The amino acid sequence conveys valuable information to understand a proteins structure and its functions. In nature, a protein is made up of 20 amino acids; they are Alanine (Ala, A), Arginine (Arg, R), Asparagine (Asn, N), Aspartic acid (Asp, D), Cysteine (Cys, C), Glutamic acid (Glu, E), Glutamine (Gln, Q), Glycine (Gly, G), Histidine (His, H), Isoleucine (Ile, I), Leucine (Leu, L), Lysine (Lys, K), Methionine (Met, M), Phenylalanine (Phe, F), Proline (Pro, P), Serine (Ser, S), Threonine (Thr, T), Tryptophan (Trp, W), Tyrosine (Tyr, Y), Valine (Val, V). Proteins can be hundreds of amino acids long or a few amino acids long, but not every protein uses all 20 amino acids. Due to these possibilities, the combinations of these amino acids are nearly countless to form a protein. DNA is a genetic molecule that contains the genetic code of an organism. The nucleotide bases of DNA are Adenine (A), Cytosine (C), Guanine (G), and Thymine (T). Each genes code combines these nucleotides in a group of three, and every three-nucleotide code specifies which amino acid is needed to make a protein. Hence, a sequence of 300 nucleotides determines a 100 amino acid long protein. The order of the amino acid is vital to proteins because it determines the proteins structure, which identifies the proteins functions.

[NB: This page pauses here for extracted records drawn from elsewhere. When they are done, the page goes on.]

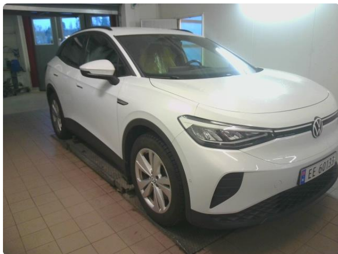
2.1 Bilder av bil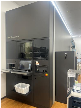
BD Rowa™ システム (左) BD Rowa™ EasyLoad 全自動入庫システム (右)

また、「BD Rowa™ EasyLoad」は、当社従来品と比べ、入庫にかかる時間を 1 箱あたり約 10 秒短縮し、稼働音も静かになります。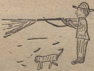
DE CAZA, por Manuel Sánchez (diez años).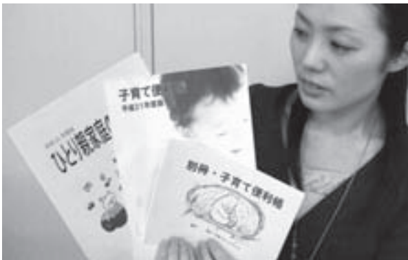
子育て情報がぎゅっとつまった「便利帳」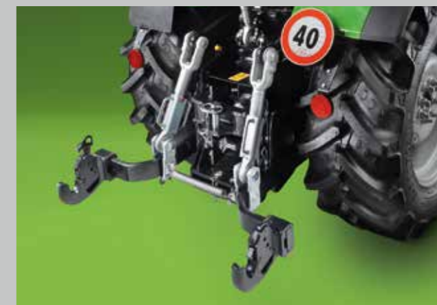
Elektronicky ovládaný zadní tříbodový závěs s maximální kapacitou zdvihu 2.600 kg.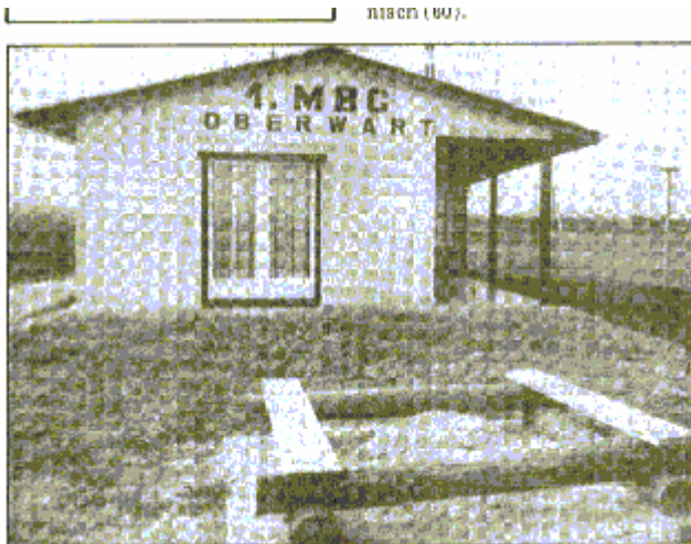
Oberwart: Neues Clubhaus

26.06.1983 Großflugtag anlässlich der feierlichen Eröffnung des Clubhauses Nebst der Abhaltung des Flugtages fand auch ein Flohmarkt statt, bei welchem tolle Fluggeräte als auch sonstiges Equipment für den Modellflug angeboten wurden.

The Nucleotide database is a collection of sequences from multiple resources, such as GenBank, TPA, and RefSeq. For example, GenBank[1] contains 16.1 trillion nucleotide bases in more than 2 billion sequences in November 2021. The Protein Data Bank (PDB) is a database built for storing the 3D structure of biological molecules, such as protein. By 2021, there are over 160K protein structures have been deposited into the RCSB[2]. Comparing the number of protein sequences in GenBank to the whole deposited structure in the RCSB protein data bank, the protein sequence is 1250 times more than the protein structure. After detecting a new protein sequence, the biggest challenges in finding protein structures from experiments are cost and time, it usually costs around $100,000 to determine a new structure. To predict a protein structure with a lower cost from the protein sequences becomes very important. In our project, we will apply machine learning algorithms to predict the secondary structure of the protein from the protein sequences.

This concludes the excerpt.